• Work order: Everything in the records must be copied exactly except the pictures.

___ The data ___

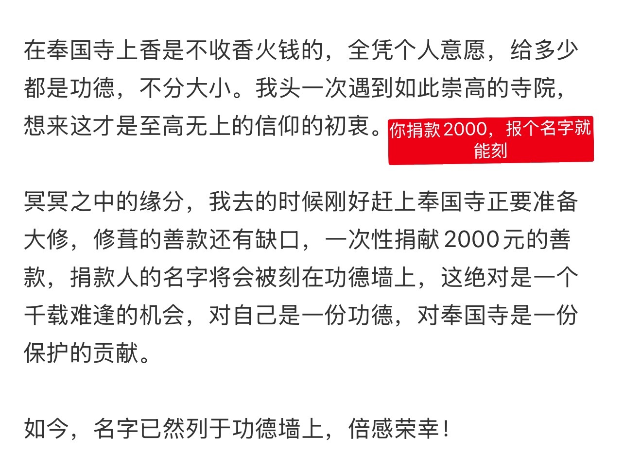 奉国寺功德墙上的双人名是cp粉在很多年前寺庙修缮的时候,捐款者用了他们的名义,并非本人的意愿!也非官方的行为。
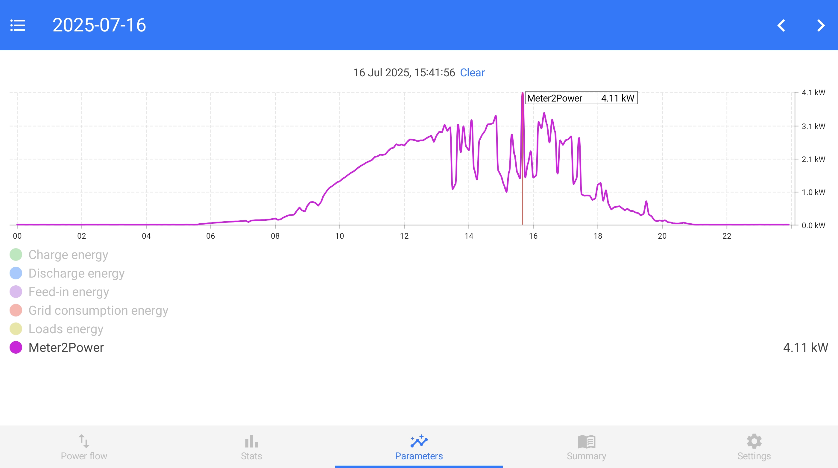 To remedy that, I've done a couple of screenshots for each of two days which I selected because (a) 11 April was a clear day and the curve for PV generation (it's listed as "Meter2Power", don't ask...) is about as pretty as it gets and (b) 16 July was a day which started out clear and got cloudy in the afternoon. It was also the day when the maximum output I have recorded to date took place, 4.11kW at 15:41:56.
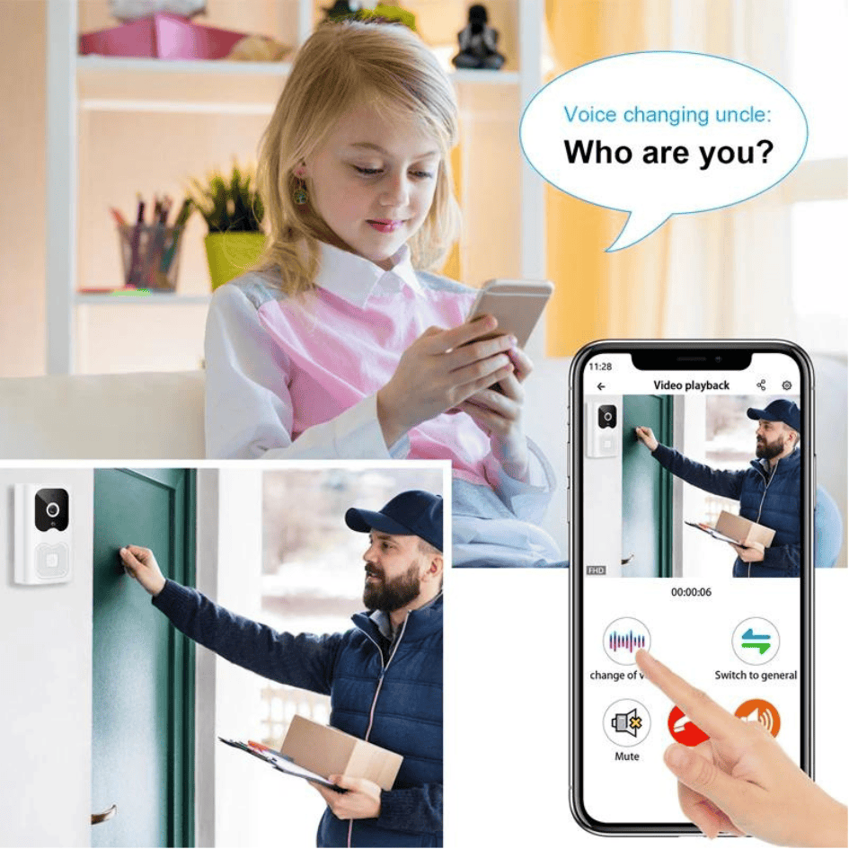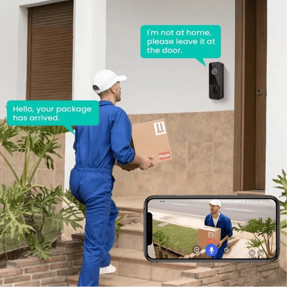 Chuông cửa tích hợp mic và loa cho phép đàm thoại hai chiều, khi nhấn chuông cửa bạn sẽ nhận được thông báo đến điện thoại
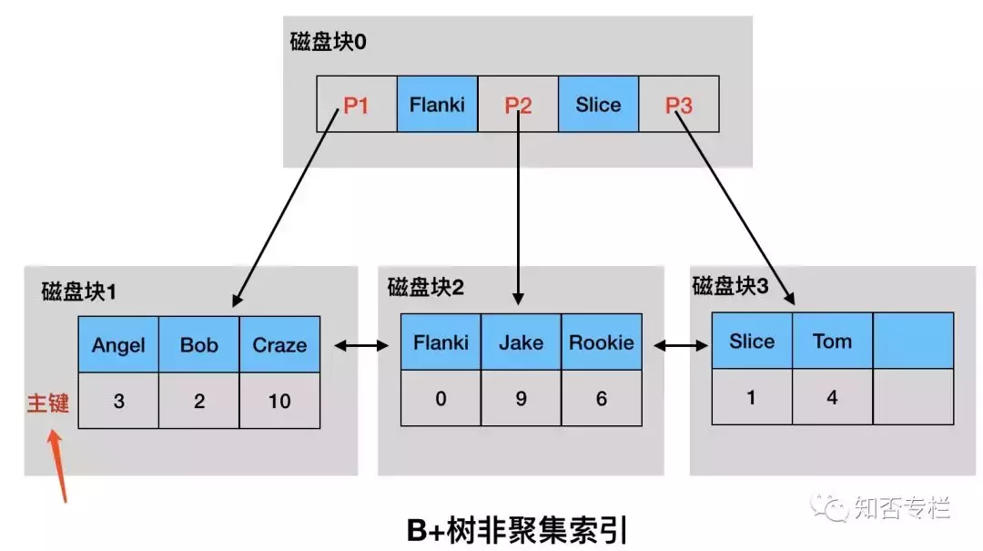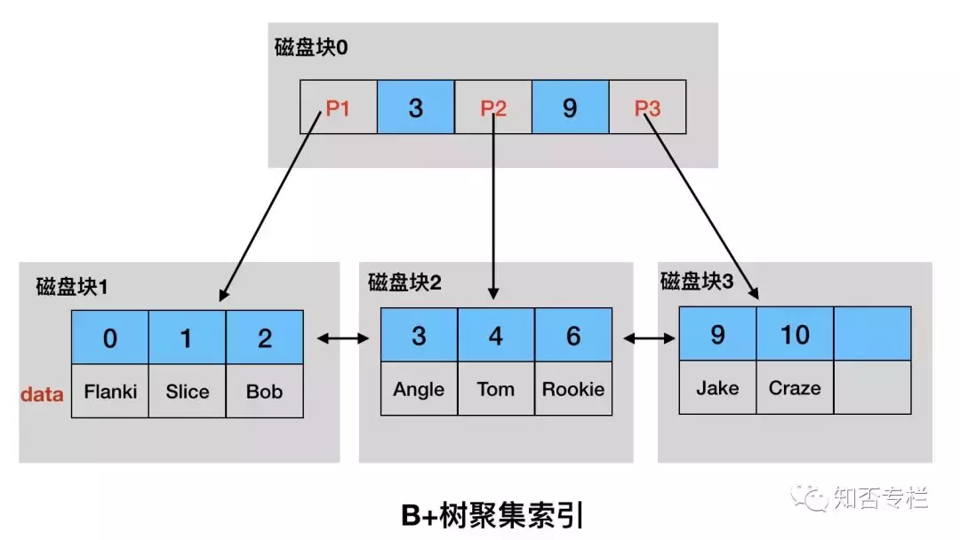 B 树的索引结构:
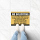 Send those pesky door-knockers away with a chuckle with a custom "No Soliciting" door mat for your home! Text reads: No Soliciting - We are too broke to buy anything - We know who we are voting for - We Have found Jesus - Seriously: Unless you are __fill_in_the_blanks__ - Please, go away! Replace our text (selling thin mints) with your own text. Customise the background colour to your choice.
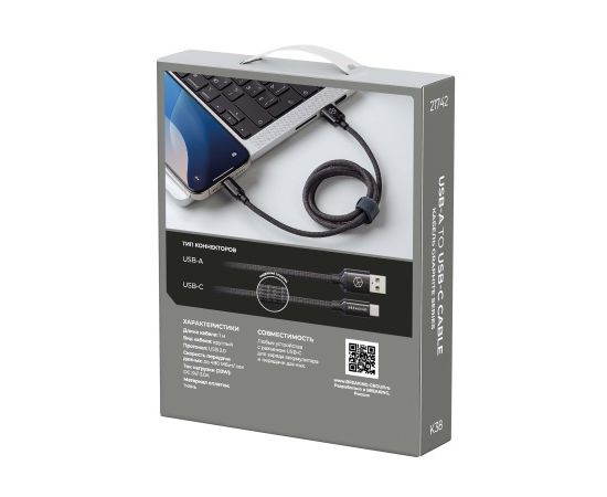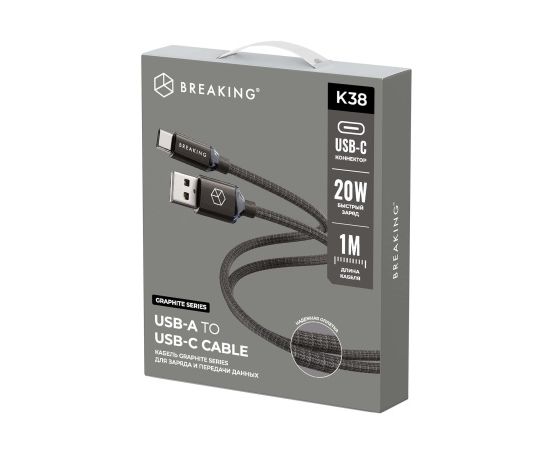 Кабель Breaking Graphite K38, USB-A - USB-C представляет собой аксессуар для зарядки и передачи данных устройств, оснащенных разъемом USB-C.

___

• Answer for this exercise:
 奉国寺功德墙上的双人名是cp粉在很多年前寺庙修缮的时候,捐款者用了他们的名义,并非本人的意愿!也非官方的行为。
 To remedy that, I've done a couple of screenshots for each of two days which I selected because (a) 11 April was a clear day and the curve for PV generation (it's listed as "Meter2Power", don't ask...) is about as pretty as it gets and (b) 16 July was a day which started out clear and got cloudy in the afternoon. It was also the day when the maximum output I have recorded to date took place, 4.11kW at 15:41:56.
 Chuông cửa tích hợp mic và loa cho phép đàm thoại hai chiều, khi nhấn chuông cửa bạn sẽ nhận được thông báo đến điện thoại
 B 树的索引结构:
 Send those pesky door-knockers away with a chuckle with a custom "No Soliciting" door mat for your home! Text reads: No Soliciting - We are too broke to buy anything - We know who we are voting for - We Have found Jesus - Seriously: Unless you are __fill_in_the_blanks__ - Please, go away! Replace our text (selling thin mints) with your own text. Customise the background colour to your choice.
 Кабель Breaking Graphite K38, USB-A - USB-C представляет собой аксессуар для зарядки и передачи данных устройств, оснащенных разъемом USB-C.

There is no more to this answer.